Cancer patients are thought to have an increased risk of developing severe Coronavirus Disease 2019 (COVID-19) infection and of dying from the disease. In this work, predictive factors for COVID-19 severity and mortality in cancer patients were investigated.
In this large nationwide retro-prospective cohort study, we collected data on patients with solid tumours and COVID-19 diagnosed between March 1 and 11th June 2020. The primary end-point was all-cause mortality and COVID-19 severity, defined as admission to an intensive care unit (ICU) and/or mechanical ventilation and/or death, was one of the secondary end-points.
From April 4 to 11th June 2020, 1289 patients were analysed. The most frequent cancers were digestive and thoracic. Altogether, 424 (33%) patients had a severe form of COVID-19 and 370 (29%) patients died. In multivariate analysis, independent factors associated with death were male sex (odds ratio 1.73, 95%CI: 1.18-2.52), The Eastern Cooperative Oncology Group Performance Scale (ECOG PS) ≥ 2 (OR 3.23, 95%CI: 2.27-4.61), updated Charlson comorbidity index (OR 1.08, 95%CI: 1.01-1.16) and admission to ICU (OR 3.62, 95%CI 2.14-6.11). The same factors, age along with corticosteroids before COVID-19 diagnosis, and thoracic primary tumour site were independently associated with COVID-19 severity.

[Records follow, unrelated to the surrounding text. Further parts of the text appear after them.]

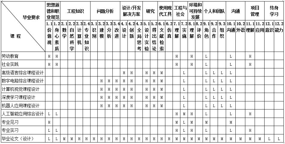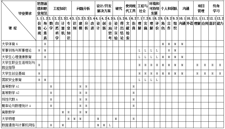 毕业要求对培养目标支撑的矩阵图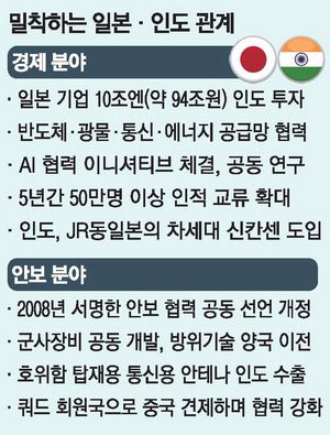 요미우리신문·니혼게이자이신문(닛케이) 등에 따르면 이날 일본 도쿄 총리공관에서 일본·인도 양국이 정상회담을 열고 경제·안보협력 내용이 담긴 공동 문건을 발표했다.
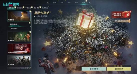 星愿包裹站(新活动)每日完成生存任务收集“星愿贴纸”,可兑换限定载具皮肤「雪橇快递」、家具「壁炉圣诞树」及星铸券。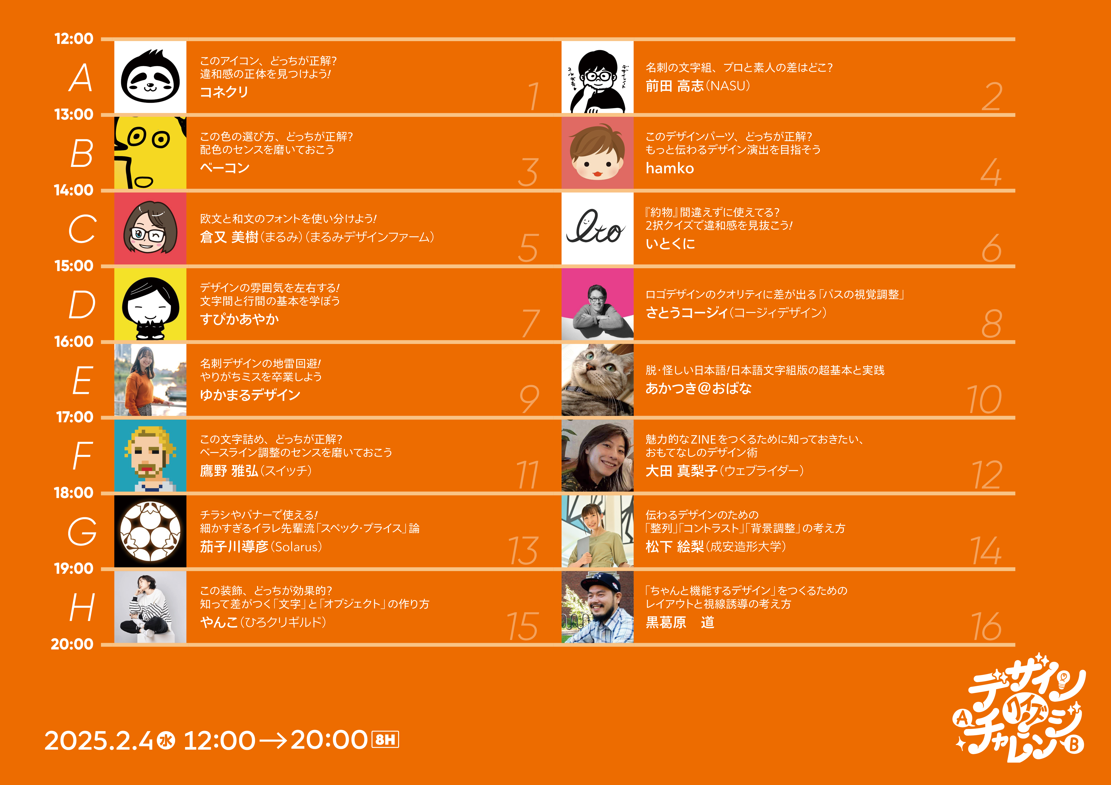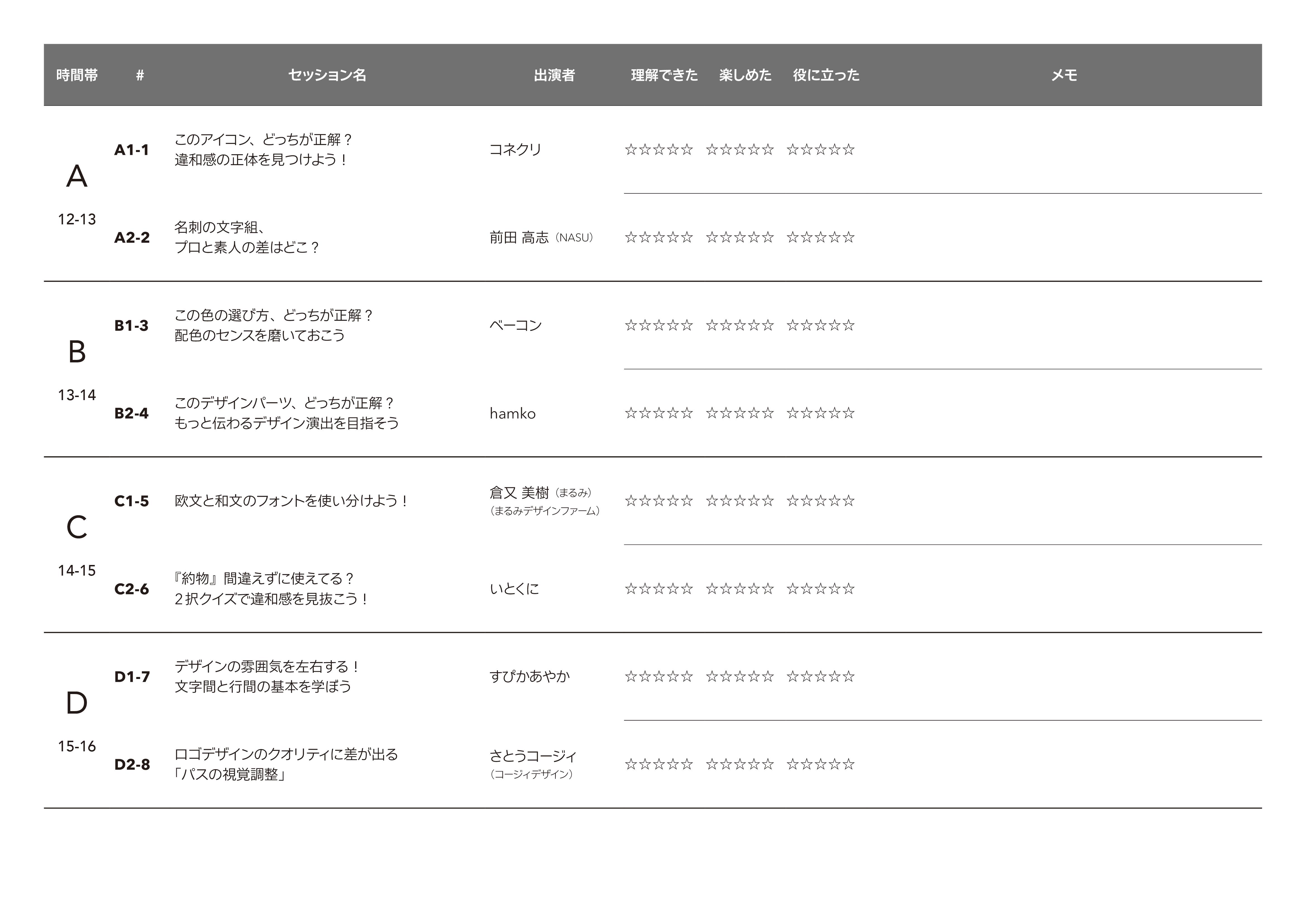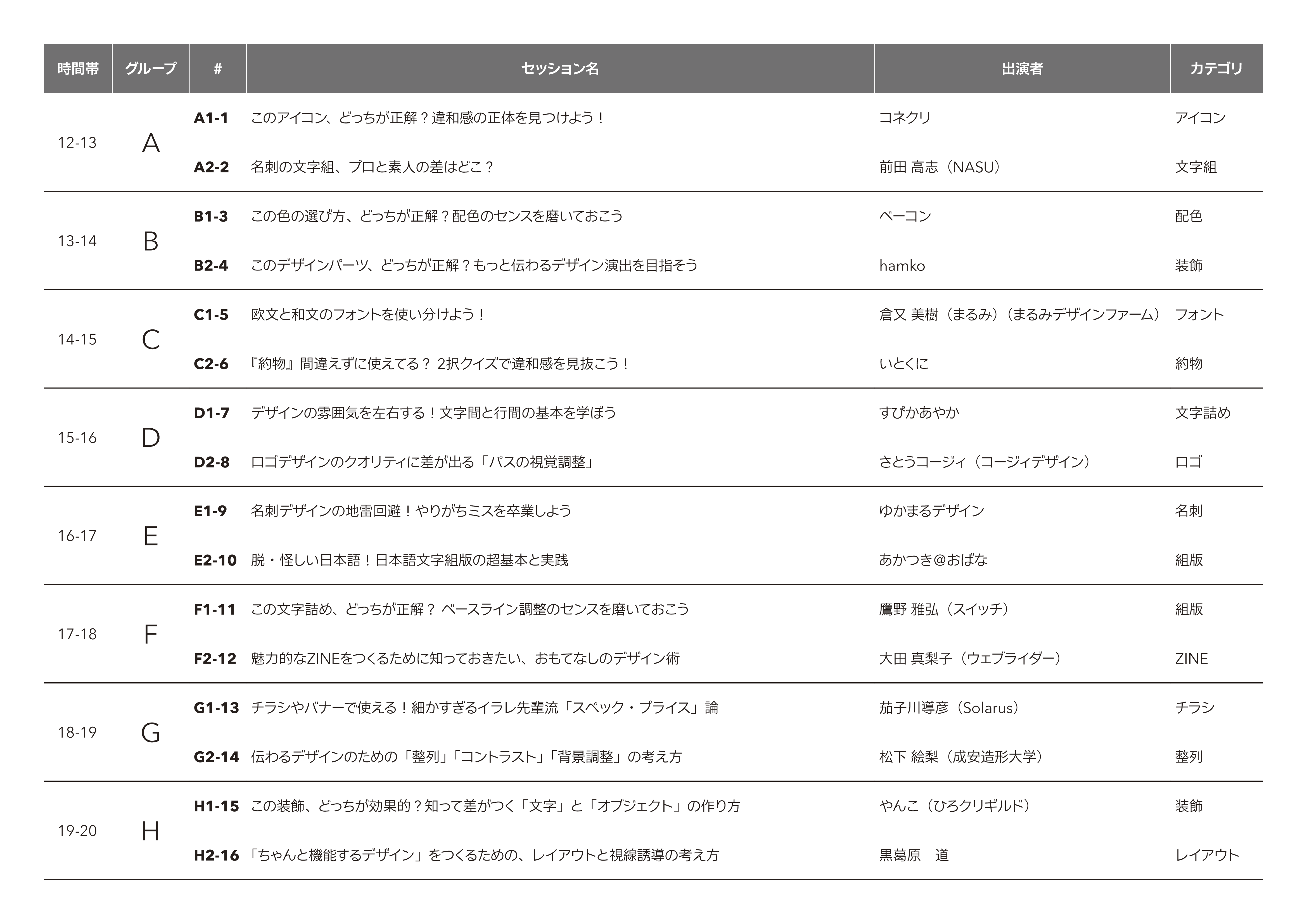 | 15-16 | D | D-1 | デザインの雰囲気を左右する!文字間と行間の基本を学ぼう | すぴかあやか |

None of the anticancer treatments administered within the previous 3 months had any effect on mortality or COVID-19 severity, except for cytotoxic chemotherapy in the subgroup of patients with detectable severe acute respiratory syndrome coronavirus 2 (SARS-CoV-2) by reverse transcriptase polymerase chain reaction (RT-PCR), which was associated with a slight increase of the risk of death (OR 1.53; 95%CI: 1.00-2.34; p = 0.05). A total of 431 (39%) patients had their systemic anticancer treatment (such as chemotherapy, targeted or immune therapy) interrupted or stopped following diagnosis of COVID-19.
Mortality and COVID-19 severity in cancer patients are high and are associated with general characteristics of patients. We found no deleterious effects of recent anticancer treatments, except for cytotoxic chemotherapy in the RT-PCR-confirmed subgroup of patients. In almost 40% of patients, the systemic anticancer therapy was interrupted or stopped after COVID-19 diagnosis.